◆ SOURCE DATA:
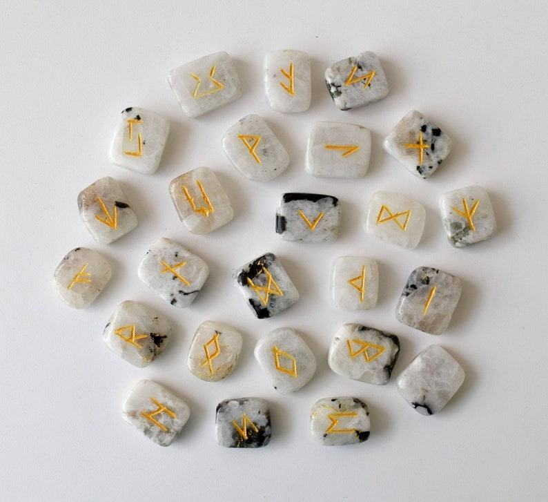 ชุดหินรูนเรนโบว์มูนสโตน คริสตัลเจมสโตน ขัดเงา คุณภาพพรีเมียม สลักลายหินบำบัด ฟูทาร์ก มาสคาโท มุนทาฮะ อาเกต
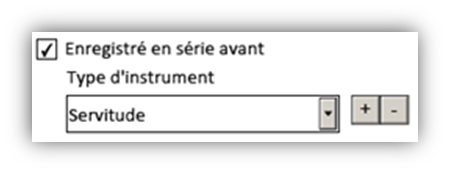 - La liste déroulante ne contient que les instruments qui peuvent être reportés au moment d'un transfert. C'est pourquoi il est possible de sélectionner une hypothèque dans la liste, mais pas un changement d'adresse aux fins de signification.
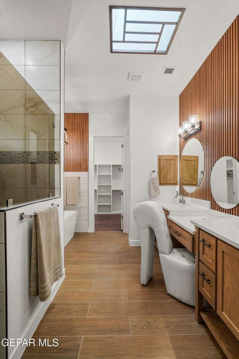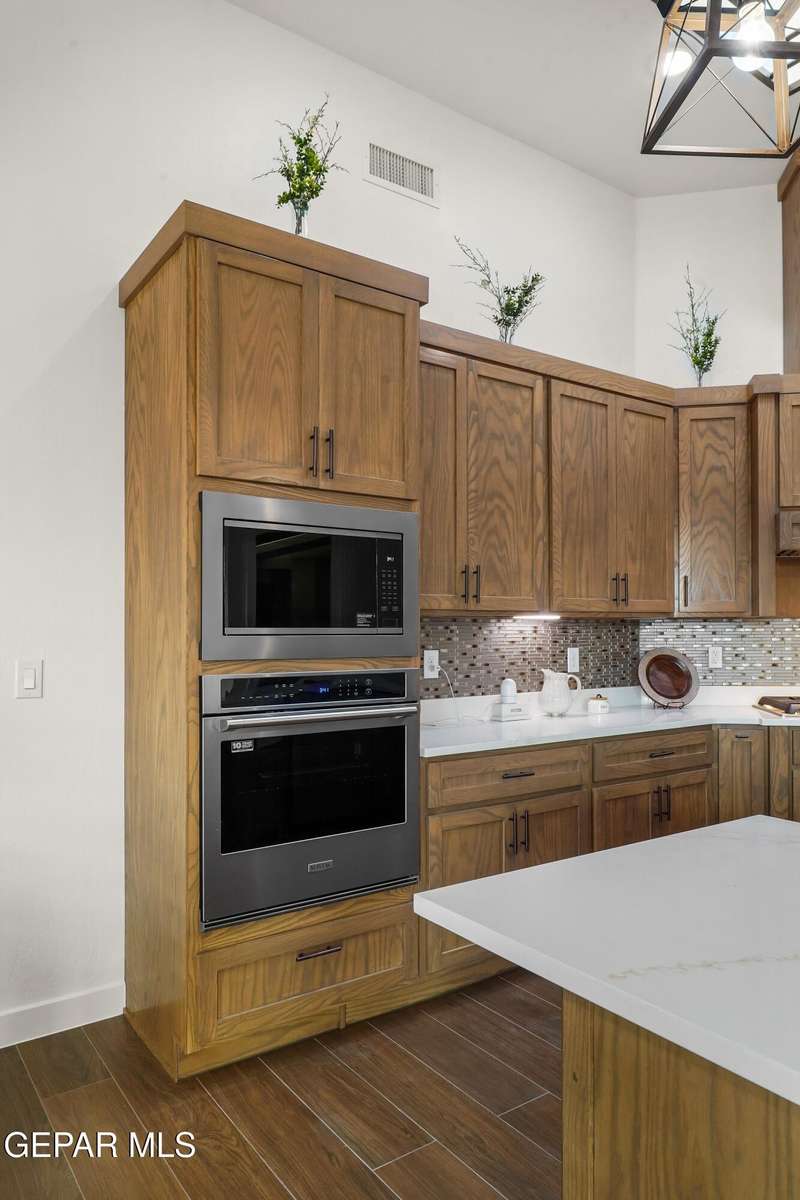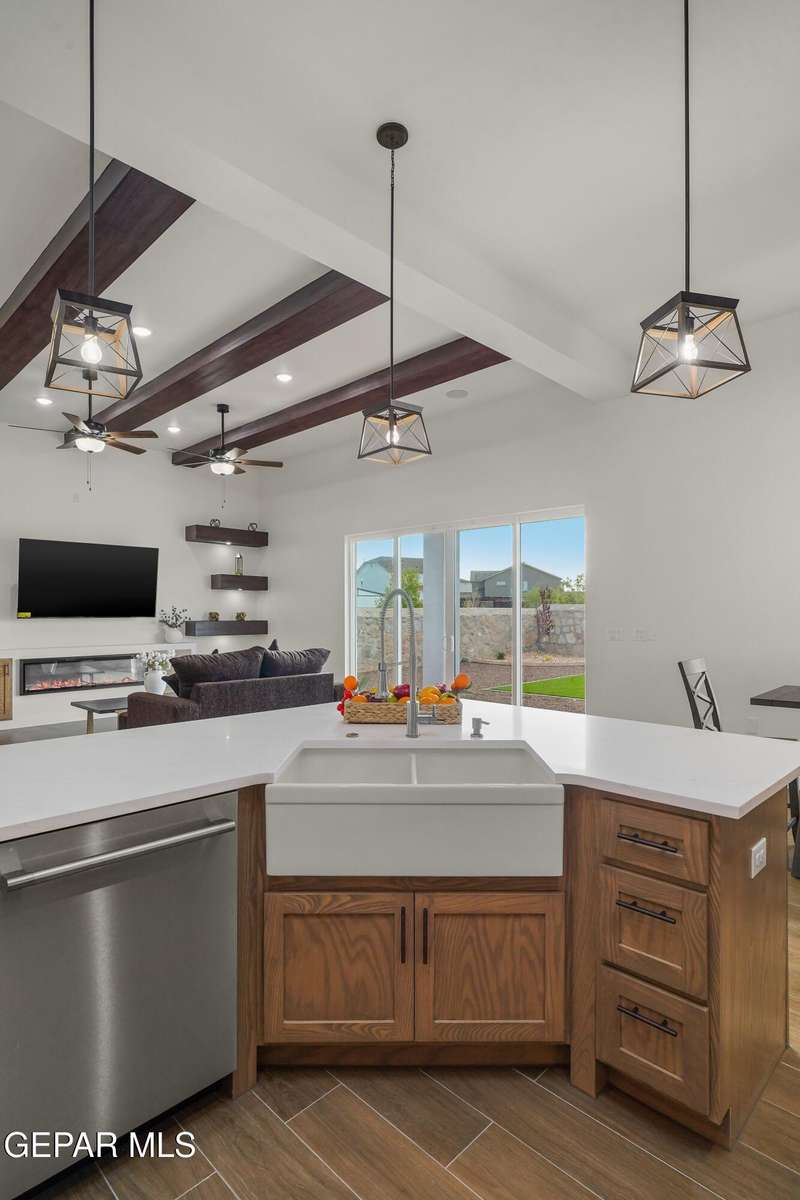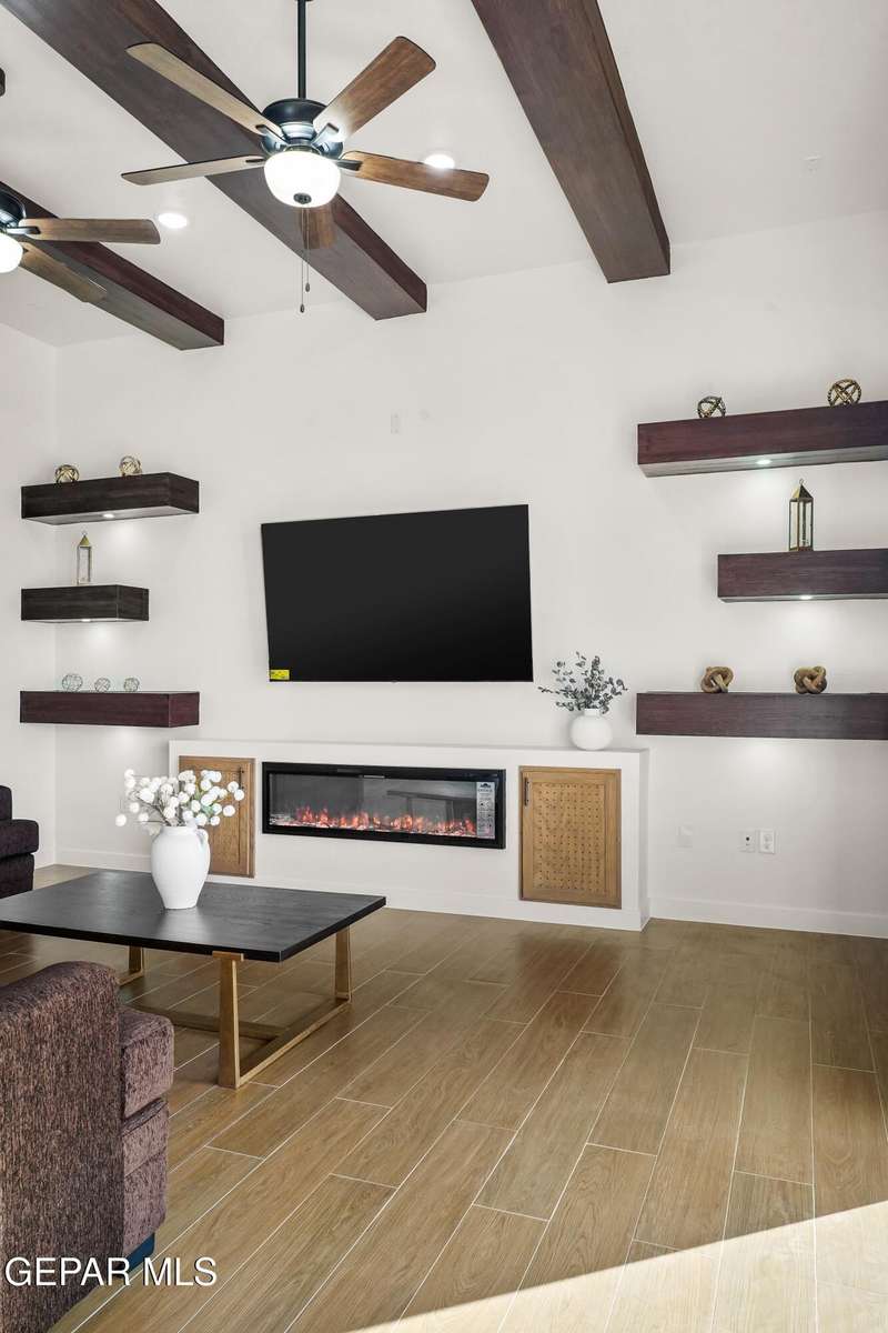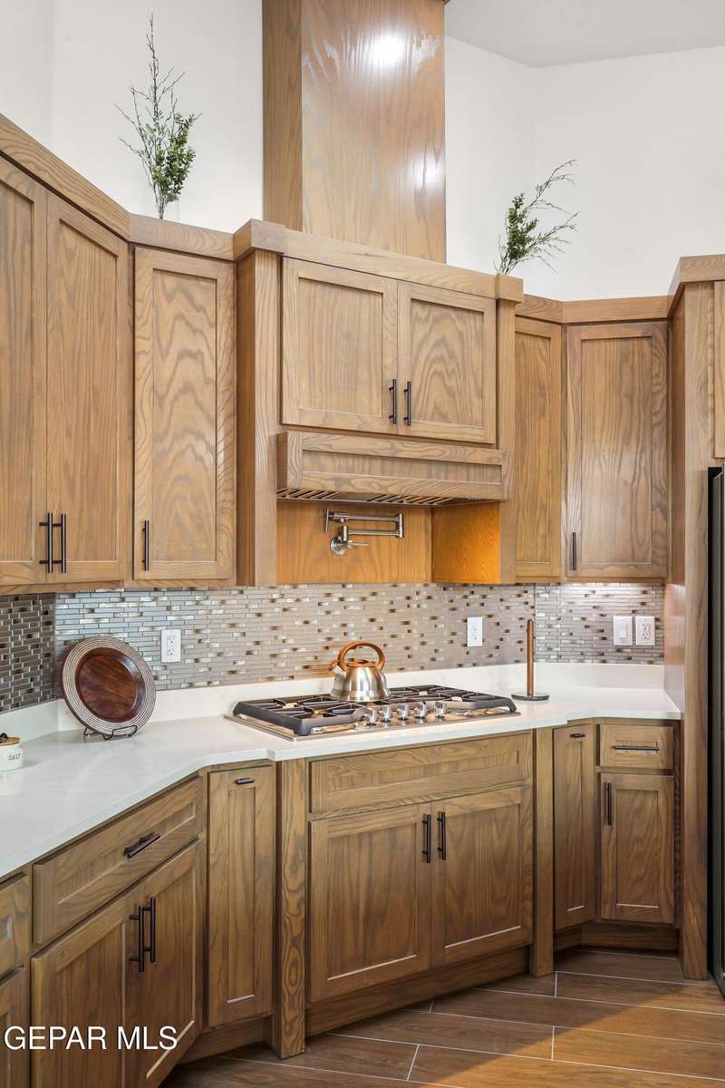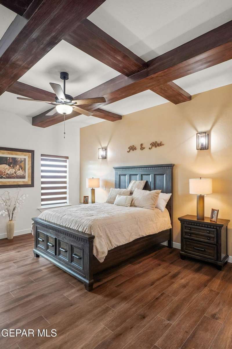 Experience modern elegance in this brand-new Custom Home, proudly featured in the 37th Annual Festival of Homes. Located on a corner lot in Horizon City, this transitional single-story residence spans 2,411 sq. ft. and offers 4 spacious bedrooms, 3 luxurious baths, and a private home theater. Step inside to discover bright, airy interiors highlighted by light-colored cabinetry, designer flooring, and detailed wall accents that create a warm, refined ambiance. The kitchen and baths showcase stunning finishes, including wall cladding, rounded mirrors, and elegant fixtures that exude style and sophistication. Enjoy seamless indoor-outdoor living with fully landscaped front and back yards-perfect for relaxing or entertaining. With its timeless design and thoughtful craftsmanship, this Custom Built Home is sure to impress even the most discerning buyer.

◆ AIM OF THE EXERCISE:
The data above must be given again in full and unaltered, minus its images.

◆ EXERCISE RESULT:
 ชุดหินรูนเรนโบว์มูนสโตน คริสตัลเจมสโตน ขัดเงา คุณภาพพรีเมียม สลักลายหินบำบัด ฟูทาร์ก มาสคาโท มุนทาฮะ อาเกต
 - La liste déroulante ne contient que les instruments qui peuvent être reportés au moment d'un transfert. C'est pourquoi il est possible de sélectionner une hypothèque dans la liste, mais pas un changement d'adresse aux fins de signification.
 Experience modern elegance in this brand-new Custom Home, proudly featured in the 37th Annual Festival of Homes. Located on a corner lot in Horizon City, this transitional single-story residence spans 2,411 sq. ft. and offers 4 spacious bedrooms, 3 luxurious baths, and a private home theater. Step inside to discover bright, airy interiors highlighted by light-colored cabinetry, designer flooring, and detailed wall accents that create a warm, refined ambiance. The kitchen and baths showcase stunning finishes, including wall cladding, rounded mirrors, and elegant fixtures that exude style and sophistication. Enjoy seamless indoor-outdoor living with fully landscaped front and back yards-perfect for relaxing or entertaining. With its timeless design and thoughtful craftsmanship, this Custom Built Home is sure to impress even the most discerning buyer.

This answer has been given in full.